ACTIVITY: Without including any pictures, copy every line below exactly.

(STORED DATA Opens)

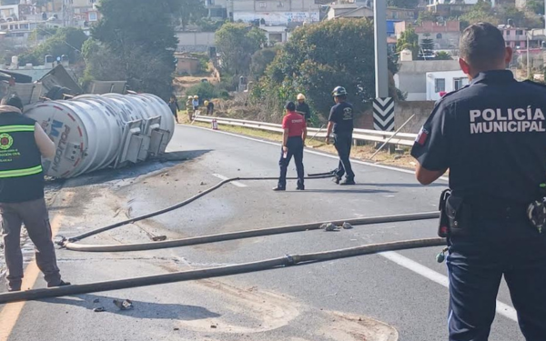 385 Grados / Tlaxcala/ REDACCIÓN / Elementos de la policía municipal de Tlaxcala implementaron labores de abanderamiento preventivo en la vía Apizaco–Tlaxcala, a la altura de San Esteban Tizatlán, con sentido hacia la capital y antes de llegar al puente peatonal, como parte del operativo de seguridad desplegado tras la volcadura de una pipa que transportaba gasolina, ocurrida la tarde de este martes.
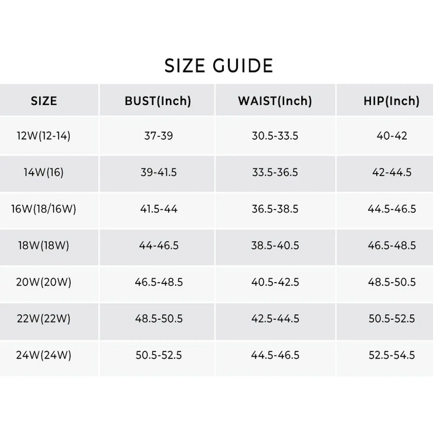 ·Beach Cover up Swimwear: 12 Plus (US 12W), 14 Plus (US 14W), 16 Plus (US 16W), 18 Plus (US 18W), 20 Plus (US 20W), 22 Plus (US 22W), 24 Plus (US 24W).
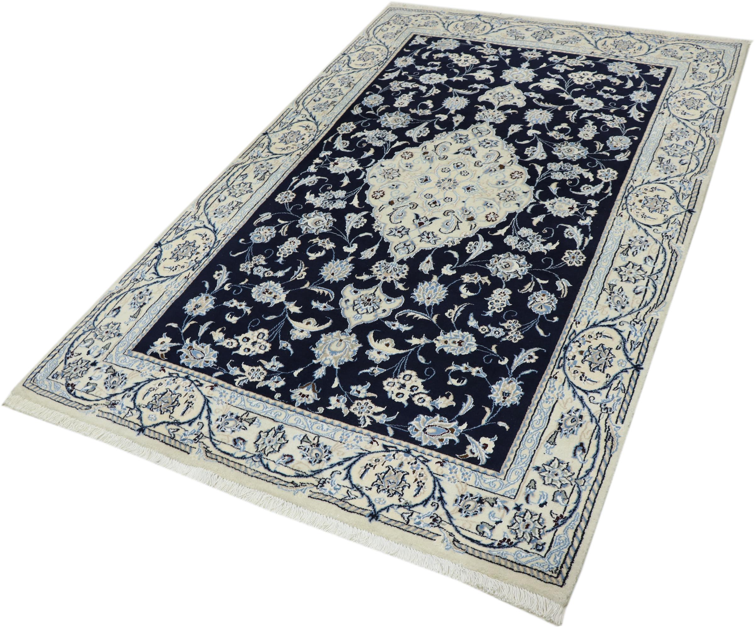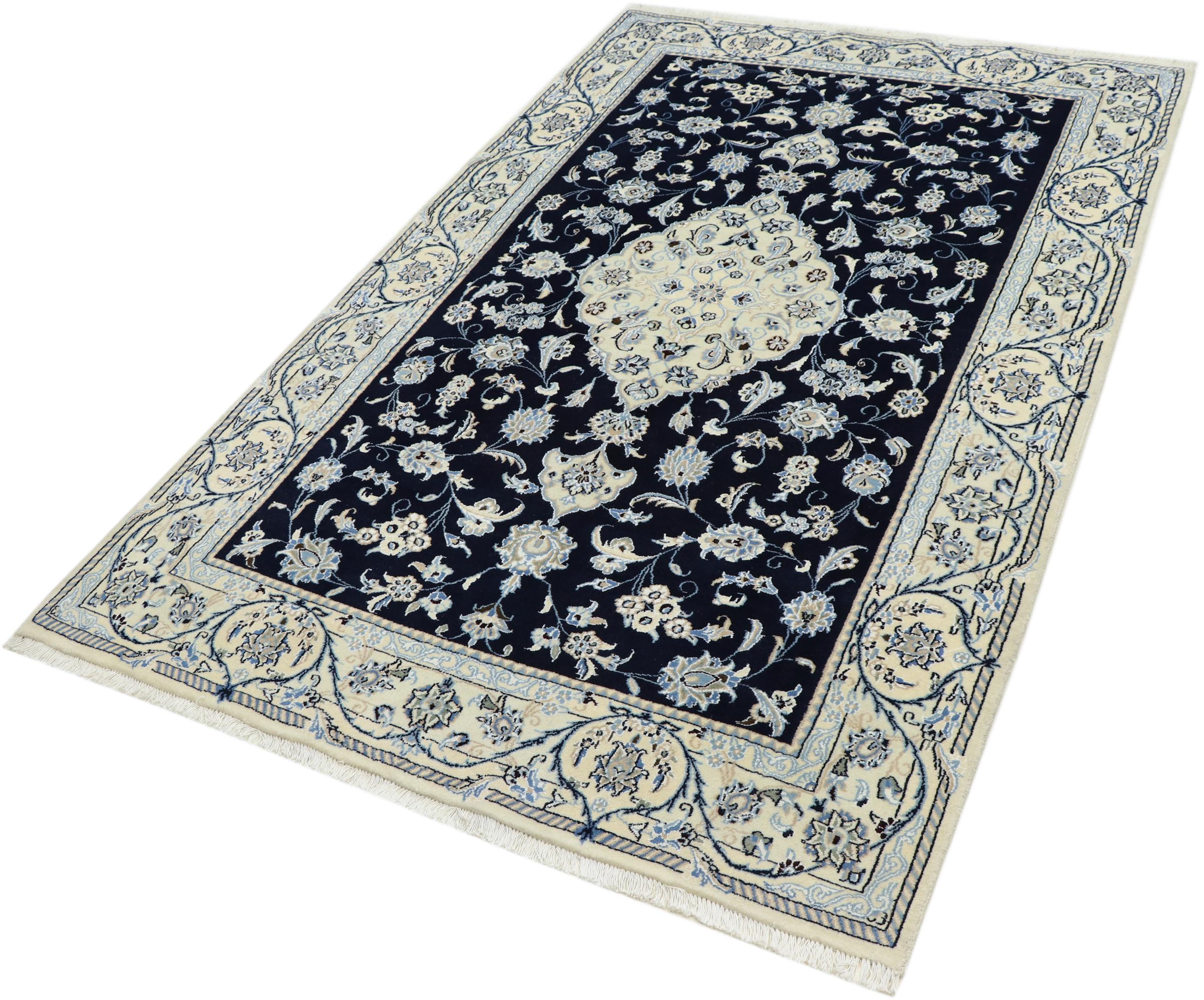Tämä Nain-matto on luokiteltu 9LA luokkaan. Hyvä laatu, kaunis itämainen muotoilu kaarevilla kuvioillaan ihastuttaa jokaista ostajaa. Tämä persialaismatto on valmistettu Nainin kaupungissa, joka on Dascht-e-Kavir -aavikon länsireunalla, arvokkaasta villasta ja luonnonsilkistä käsin solmien.

(STORED DATA Closes)

EXERCISE OUTPUT:
 385 Grados / Tlaxcala/ REDACCIÓN / Elementos de la policía municipal de Tlaxcala implementaron labores de abanderamiento preventivo en la vía Apizaco–Tlaxcala, a la altura de San Esteban Tizatlán, con sentido hacia la capital y antes de llegar al puente peatonal, como parte del operativo de seguridad desplegado tras la volcadura de una pipa que transportaba gasolina, ocurrida la tarde de este martes.
 ·Beach Cover up Swimwear: 12 Plus (US 12W), 14 Plus (US 14W), 16 Plus (US 16W), 18 Plus (US 18W), 20 Plus (US 20W), 22 Plus (US 22W), 24 Plus (US 24W).
Tämä Nain-matto on luokiteltu 9LA luokkaan. Hyvä laatu, kaunis itämainen muotoilu kaarevilla kuvioillaan ihastuttaa jokaista ostajaa. Tämä persialaismatto on valmistettu Nainin kaupungissa, joka on Dascht-e-Kavir -aavikon länsireunalla, arvokkaasta villasta ja luonnonsilkistä käsin solmien.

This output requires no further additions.